以上の方針で実装したコードが下記になります。
private func reserveCapacity(_ newCapacity: Int) {
let newMemory: UnsafeMutablePointer<T>?
if newCapacity > 0 {
newMemory = UnsafeMutablePointer<T>.allocate(capacity: newCapacity)
} else {
newMemory = nil
}
let moveCount = min(count, newCapacity)
let deinitCount = capacity - moveCount
if let nmem = newMemory {
if moveCount > 0 {
nmem.moveInitialize(from: memory!, count: moveCount)
}
}
if let mem = memory {
if deinitCount > 0 {
(mem + moveCount).deinitialize(count: capacity - moveCount)
}
mem.deallocate(capacity: capacity)
}
memory = newMemory
capacity = newCapacity
}
deinit での破棄と解放
メモリ確保処理を実装したので、ここで忘れずに deinit
でのメモリ解放も記述しておきます。データ領域は先頭から要素数分は初期化済みなので、これの破棄も行います。
deinit {
memory?.deinitialize(count: count)
reserveCapacity(0)
}
append
append
では、最初にメモリ領域が足りているかチェックします。足りていない場合は、先程の reserveCapacity
を使ってメモリ確保をします。ここで領域の拡大は要素 1 つ分にせず、一気に領域を 2 倍に広げるようにすると効率的です。連続で append
が呼び出される場合に、メモリの再確保の頻度が減らせるからです。しかし、領域の大きさが 0 の場合には 2 倍にしても 0 のままなので、特別に初期値を設定しておきます。メモリ領域の準備ができたら、末尾に要素を追加します。ここもやはり、未初期化領域を初期化する操作なので、 initialize
操作をします。最後に要素数を 1 増やします。以下にコードを示します。
public func append(_ element: T) {
if count == capacity {
if capacity == 0 {
reserveCapacity(4)
} else {
reserveCapacity(capacity * 2)
}
}
(memory! + count).initialize(to: element)
count += 1
}
remove
remove
では、指定されたインデックスの要素を削除した後、後続の要素を 1 つずつ前にずらします。まず、削除する操作は deinitialize
です。これによって削除された場所は未初期化になります。そして、 1 つ後ろの要素を、削除された要素のあった場所に移動させるわけですが、これは reserveCapacity
のときと同様、移動元が初期化済で、移動先が未初期化なので、 moveInitialize
で書けます。最後に要素数を 1 減らします。
moveInitialize
は2つのメモリ領域が共有領域を持っていても、要素ごとに move していくのでうまく動きます。

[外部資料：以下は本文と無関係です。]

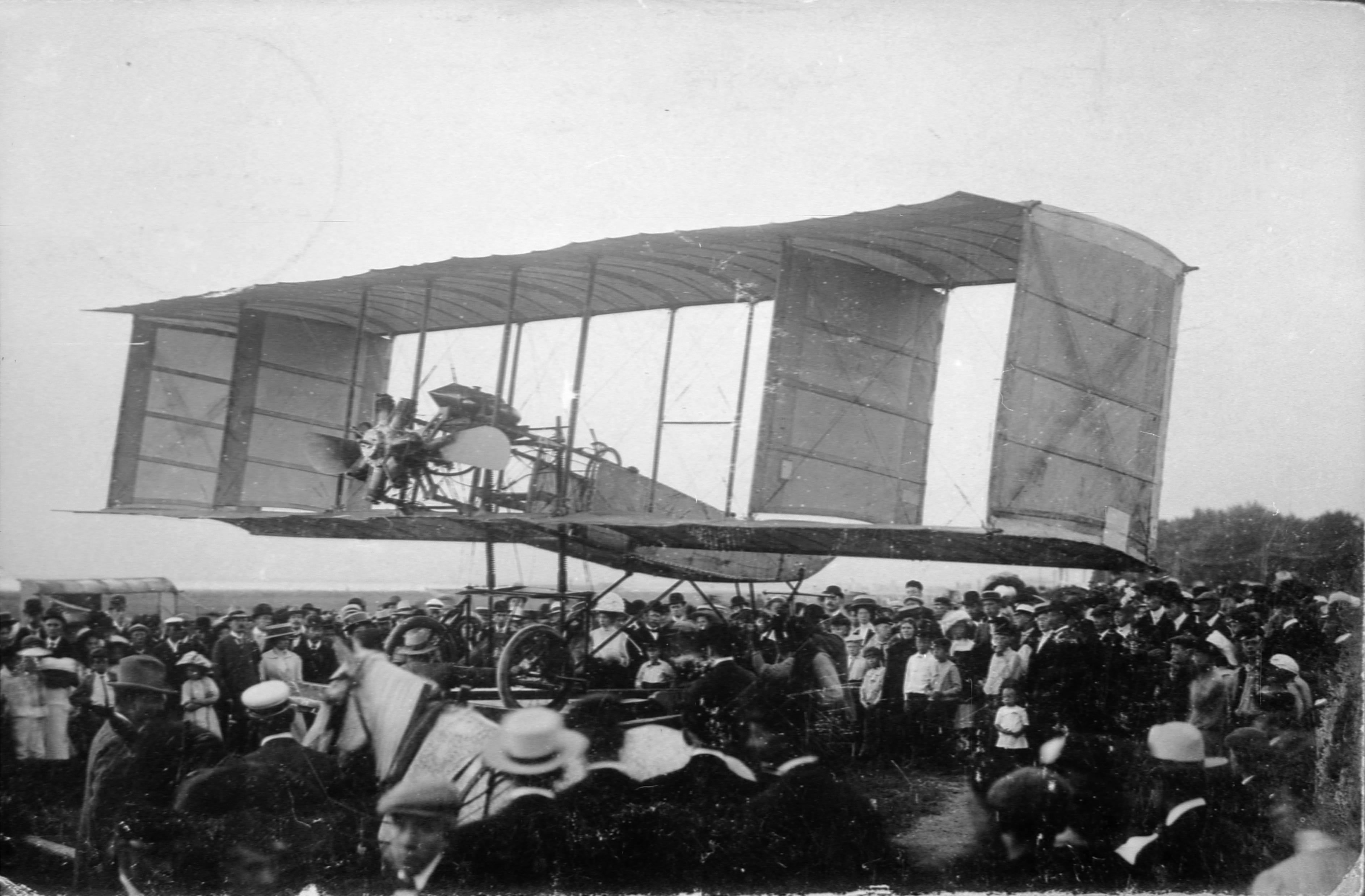 Voisin-flygplan transporteras bort efter Robert Svendsens Öresundsflygning, 17 juli 1910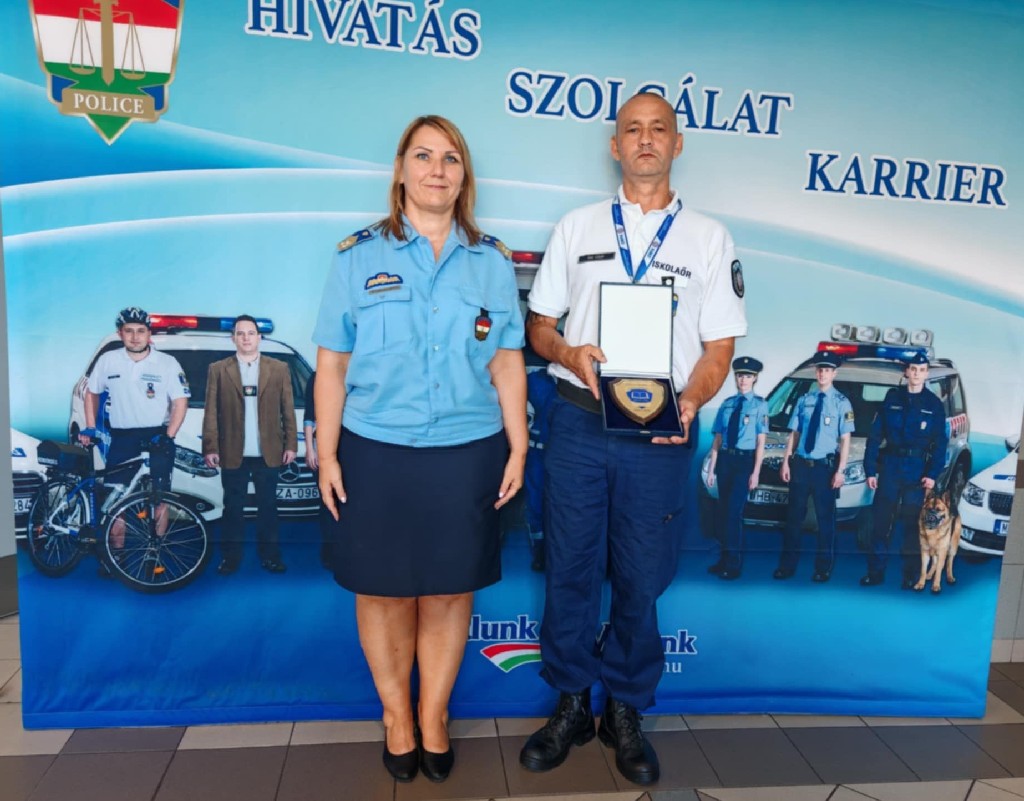 A jutalmazottnak személyesen gratulált Dr. Hablicsek Nikoletta r. ezredes, Tolna Vármegye rendőrfőkapitánya.

public func remove(at index: Int) {
(memory! + index).deinitialize()
let moveNum = count - index - 1
if moveNum > 0 {
(memory! + index).moveInitialize(from: (memory! + index + 1), count: moveNum)
}
count -= 1
}
コピー init
最後に、コピー用の init
を作ります。コピーする要素数でメモリ確保して、確保した未初期化領域をまとめて initialize
します。
public init(copy: CoWArrayStorage<T>) {
self.count = copy.count
self.capacity = count
self.memory = UnsafeMutablePointer<T>.allocate(capacity: count)

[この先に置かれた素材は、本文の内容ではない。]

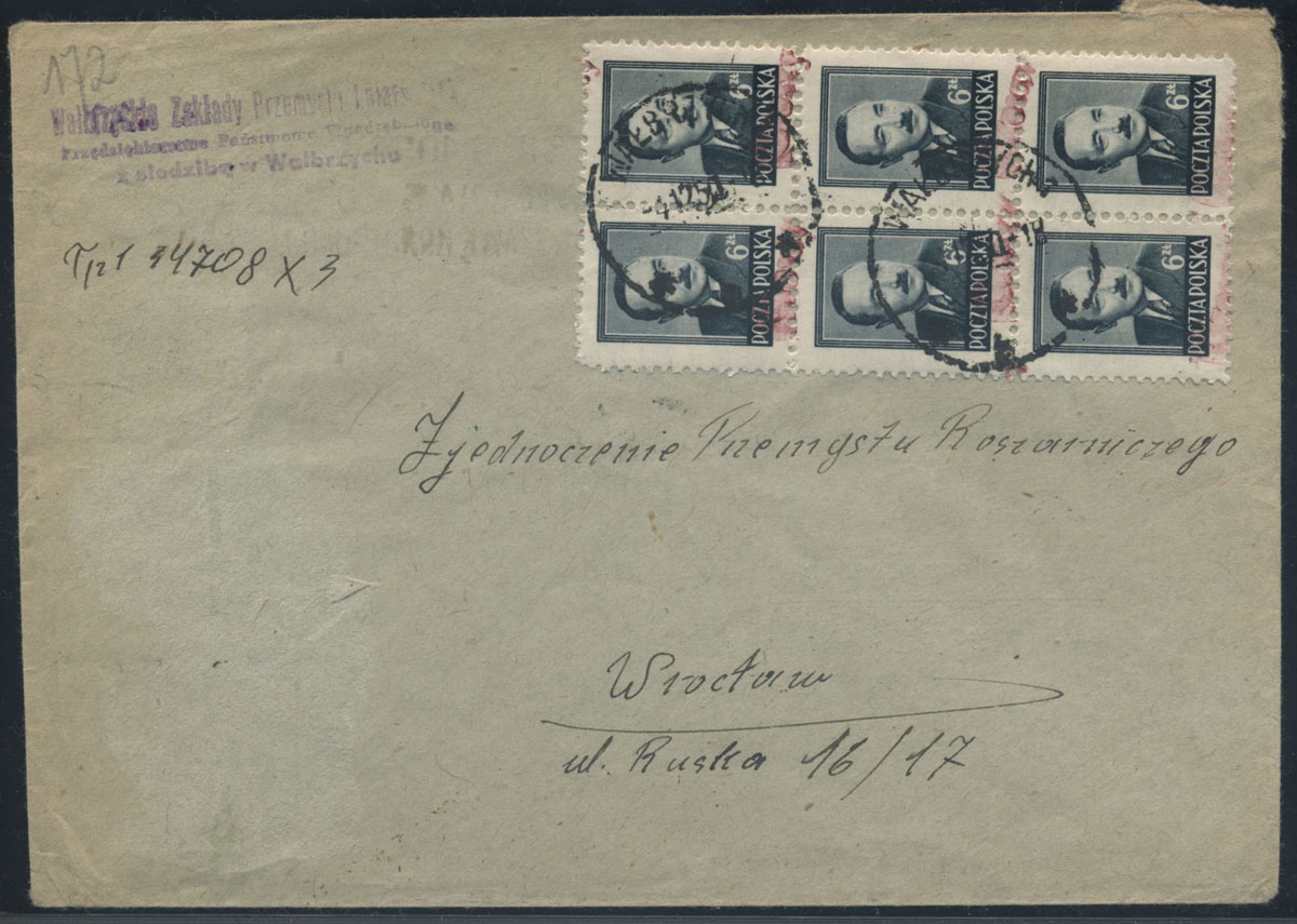 1950 "groszy" znaczki z różowoczerwonym nadrukiem typu 26, sześcioblok na liście wysłanym 6.2.1951 z miejscowości Świdnica Śląska do Warszawy; całość w bardzo dobrym stanie zachowania; dodatkowo wyraźna odbitka stempla propagandowego "Żądamy zakazu broni atomowej ..." (Myślicki 50 204); walor w bardzo dobrym stanie zachowania pochodzący z historycznej kolekcji A.Roszkowskiego z jego gwarancją. | Fi.474 Mi.625 |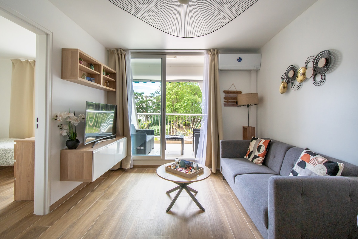 Envie d'une expérience détente à 5 minutes des plages? Découvrez notre charmant studio de 22m2, climatisé et idéalement situé. ■ Vous souhaitez profiter d'un séjour dans un quartier agréable ■ Vous recherchez un logement qui sort de l'ordinaire avec tout le confort d'un hôtel Nous vous accueillons avec plaisir ! Nos voyageurs ont appréciés: *la terrasse sans vis à vis *la place de parking privative *notre démarche écologique pour un tourisme plus durable. Voici ce que nous vous proposons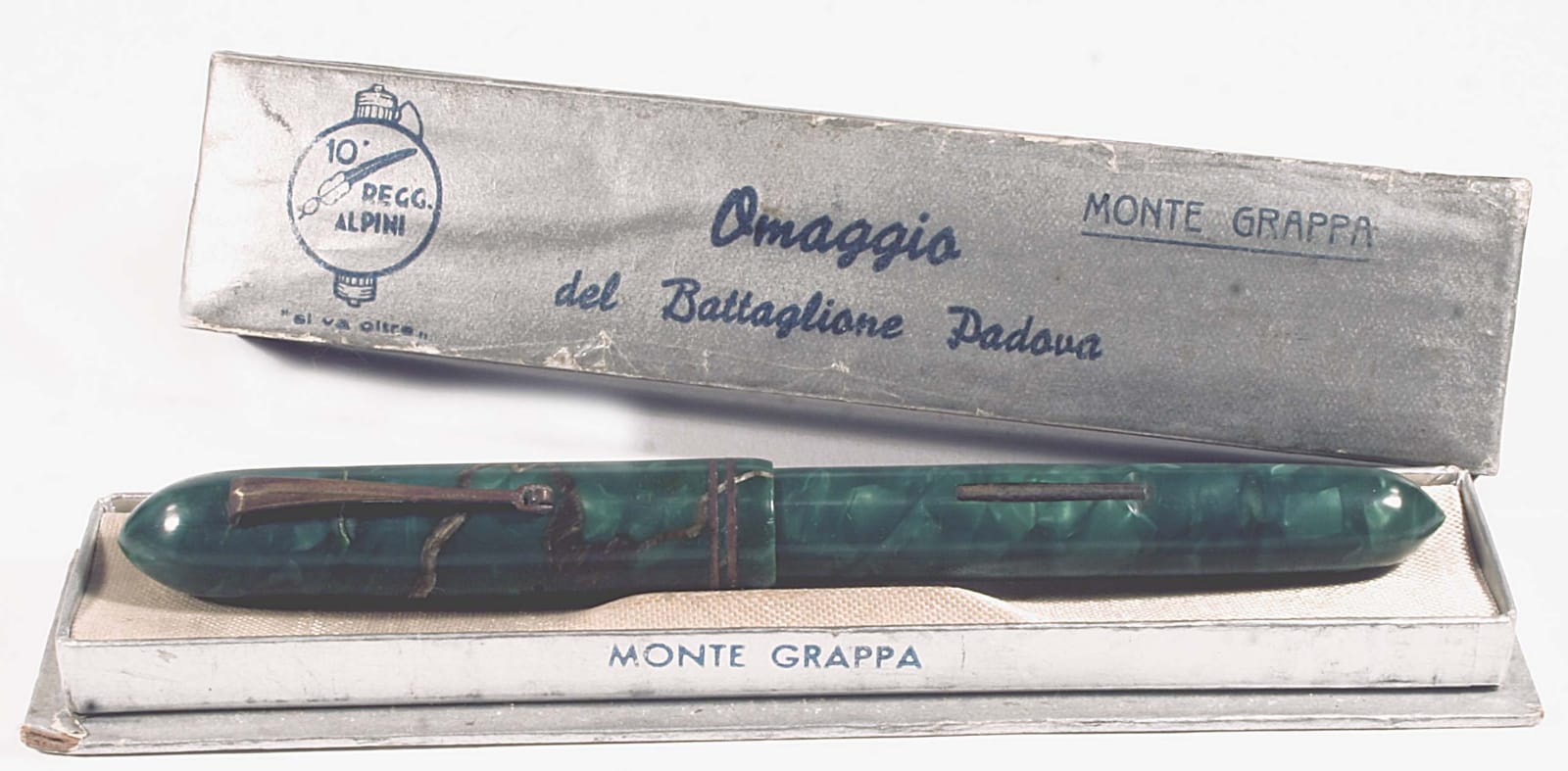 Monte Grappa anni ’40 per il 10° Alpini (Battaglione riservisti). Sull'astuccio particolare di notevole rilevanza storica: il logo del Decimo, con quel motto poi, oscura quasi del tutto il fascio. Impensabile qualche anno prima...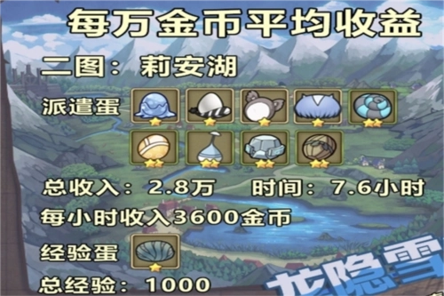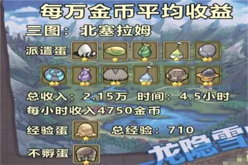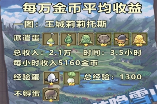 金姆姆的收益只计入总收入统计,不会算进每分钟的平均收益里,毕竟它是晚上睡觉的时候孵出来的蛋。没去孵化的蛋就相当于废蛋,迷迷可就属于这种情况——它给的金币和经验都少得可怜,与其孵它还不如去孵别的蛋。这张图的时长比较短,但收益却很高,特别适合想“爆肝”冲进度的玩家;不过要是忘了及时收蛋,那效率可就亏大了。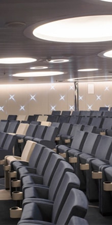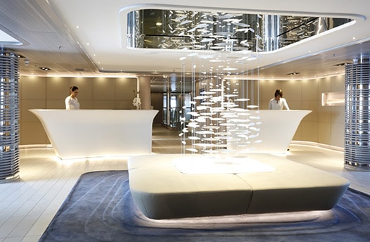 Il présente des lignes extérieures et intérieures tout en sobriété et raffinement, renforcées par sa taille intimiste, 132 cabines et suites seulement.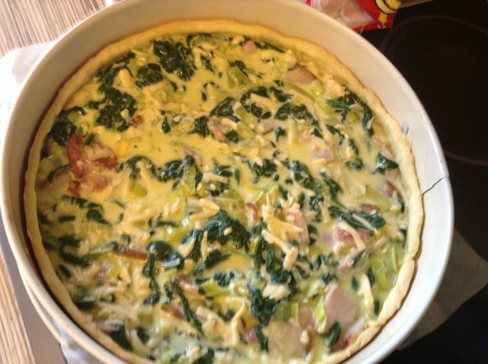Выложить начинку в форму, добавить заливку, выпекать 30-35 минут при 180С.

memory?.initialize(from: copy.memory!, count: count)
}
まとめ
以上で CoWArrayStorage
が実装できました。
CoW 型の実装
いよいよ CoW 型の実装をします。まず、データ構造ですが、ストレージオブジェクトを保持するだけです。

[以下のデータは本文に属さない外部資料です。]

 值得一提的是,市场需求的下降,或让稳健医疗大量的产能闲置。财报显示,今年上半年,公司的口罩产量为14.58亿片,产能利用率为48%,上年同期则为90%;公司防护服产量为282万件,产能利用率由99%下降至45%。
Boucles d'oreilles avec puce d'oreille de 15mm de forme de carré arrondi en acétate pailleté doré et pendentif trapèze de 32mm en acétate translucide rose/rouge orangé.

public struct CoWArray<T> {
public init() {
self.storage = .init()
}
private var storage: CoWArrayStorage<T>
}
次に、 CoW の肝となる、共有されていればストレージをコピーするメソッドを作ります。共有されているかどうかは isKnownUniquelyReference
でチェックして、コピーは先程作ったコピー用の init
を使います。
private mutating func copyStorageIfShared() {
if isKnownUniquelyReferenced(&storage) {
return
}
storage = .init(copy: storage)
}
あとは、全てのメソッドを素通ししつつ、 mutating
なものについては事前に copyStorageIfShared
を呼び出すだけです。
public var count: Int {
return storage.count
}
public subscript(index: Int) -> T {
get {
return storage[index]
}
set {
copyStorageIfShared()
storage[index] = newValue
}
}
public mutating func append(_ element: T) {
copyStorageIfShared()
storage.append(element)
}
public mutating func remove(at index: Int) {
copyStorageIfShared()
storage.remove(at: index)
}
これで CoW な配列が完成しました。